A minimum I/O memory space of TBD kilowords may also be required.
Various CPLD/FPGA or digital signal processing Von Neuman and
Harvard program, data, and I/O architectures, or the like, may be
used to perform compensation transformation algorithms, such as
those specified above.
[0069] Additional processors (17) serve to increase the parallelism
of the operations, thus allowing transformations at hitherto
unachievable speeds. This increased power allows operations that
are algebraic as well as approximately transcendental.
Transcendental operations can be considered those requiring an
infinite number of steps. However extremely high processing rates
can provide approximations to the infinite that are practicable and
indistinguishable from an exact computation.
[0070] As can be easily understood from the foregoing, the basic
concepts of the present invention may be embodied in a variety of
ways. It involves both signal processing techniques as well as
devices to accomplish the appropriate signal processing. In this
application, the processing techniques are disclosed as part of the
results shown to be achieved by the various devices described and
as steps which are inherent to utilization. They are simply the
natural result of utilizing the devices as intended and described.
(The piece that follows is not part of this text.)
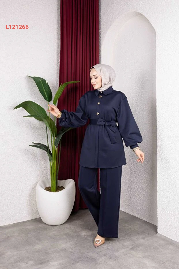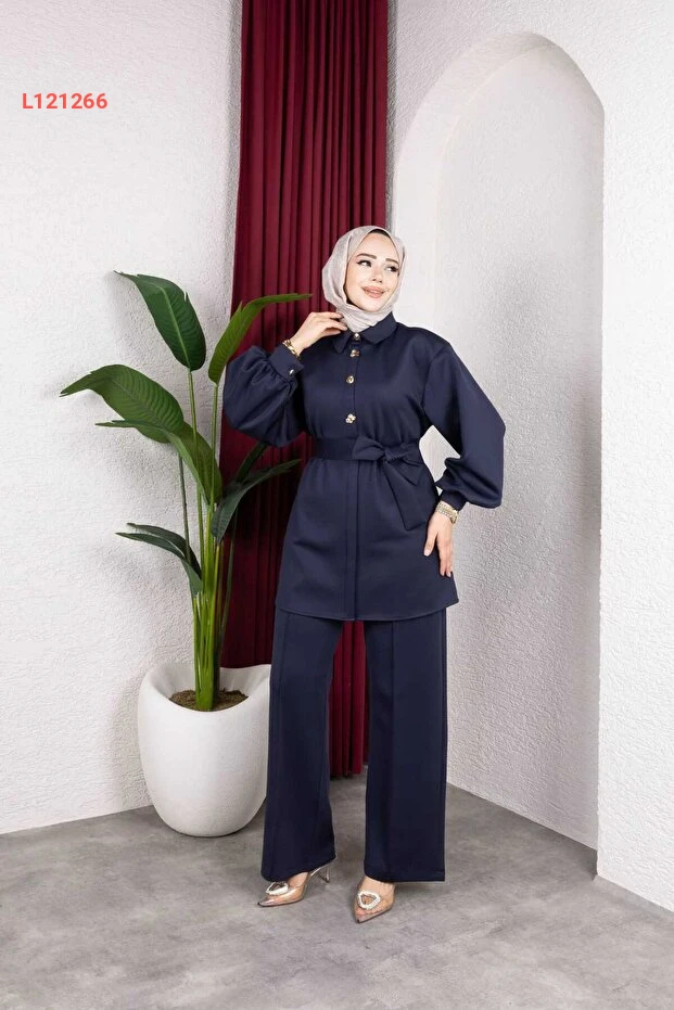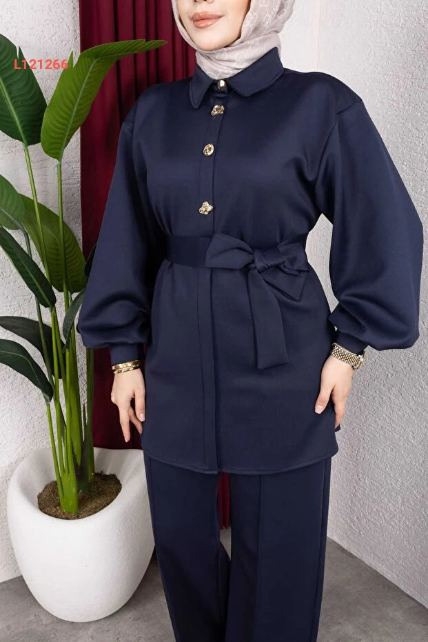 استمتعِ بأناقتكِ مع طقم التونيك والبنطلون الأزرق الضعيف، الذي يجمع بين الراحة والفخامة بفضل تصميمه العصري وحتّى تفاصيله الأنيقة مثل الأزرار والأكمام الطويلة. يأتي الطقم مزودًا بحزام يضيف لمسة جمالية ويحدد الخصر، مما يجعلكِ تتألقين في كل مناسبة. اختاري هذا الطقم لتكوني محور الإعجاب والتميز!

In addition, while some devices are disclosed, it should be
understood that these not only accomplish certain methods but also
can be varied in a number of ways. Importantly, as to all of the
foregoing, all of these facets should be understood to be
encompassed by this disclosure.
[0071] The discussion included in this application is intended to
serve as a basic description. The reader should be aware that the
specific discussion may not explicitly describe all embodiments
possible; many alternatives are implicit. It also may not fully
explain the generic nature of the invention and may not explicitly
show how each feature or element can actually be representative of
a broader function or of a great variety of alternative or
equivalent elements. Again, these are implicitly included in this
disclosure. Where the invention is described in
functionally-oriented terminology, each aspect of the function is
accomplished by a device, subroutine, or program. Apparatus claims
may not only be included for the devices described, but also method
or process claims may be included to address the functions the
invention and each element performs. Neither the description nor
the terminology is intended to limit the scope of the claims which
now be included.
[0072] Further, each of the various elements of the invention and
claims may also be achieved in a variety of manners. This
disclosure should be understood to encompass each such variation,
be it a variation of an embodiment of any apparatus embodiment, a
method or process embodiment, or even merely a variation of any
element of these. Particularly, it should be understood that as the
disclosure relates to elements of the invention, the words for each
element may be expressed by equivalent apparatus terms or method
terms--even if only the function or result is the same. Such
equivalent, broader, or even more generic terms should be
considered to be encompassed in the description of each element or
action. Such terms can be substituted where desired to make
explicit the implicitly broad coverage to which this invention is
entitled. As but one example, it should be understood that all
actions may be expressed as a means for taking that action or as an
element which causes that action. Similarly, each physical element
disclosed should be understood to encompass a disclosure of the
action which that physical element facilitates. Regarding this last
aspect, as but one example, the disclosure of a "processor" should
be understood to encompass disclosure of the act of
"processing"--whether explicitly discussed or not--and, conversely,
were there only disclosure of the act of "processing", such a
disclosure should be understood to encompass disclosure of a
"processor" and even a means for "processing". Such changes and
alternative terms are to be understood to be explicitly included in
the description.
[0073] Additionally, the various combinations and permutations of
all elements or applications can be created and presented. All can
be done to optimize the design or performance in a specific
application.
[0074] Any patents, publications, or other references mentioned in
this application for patent are hereby incorporated by reference.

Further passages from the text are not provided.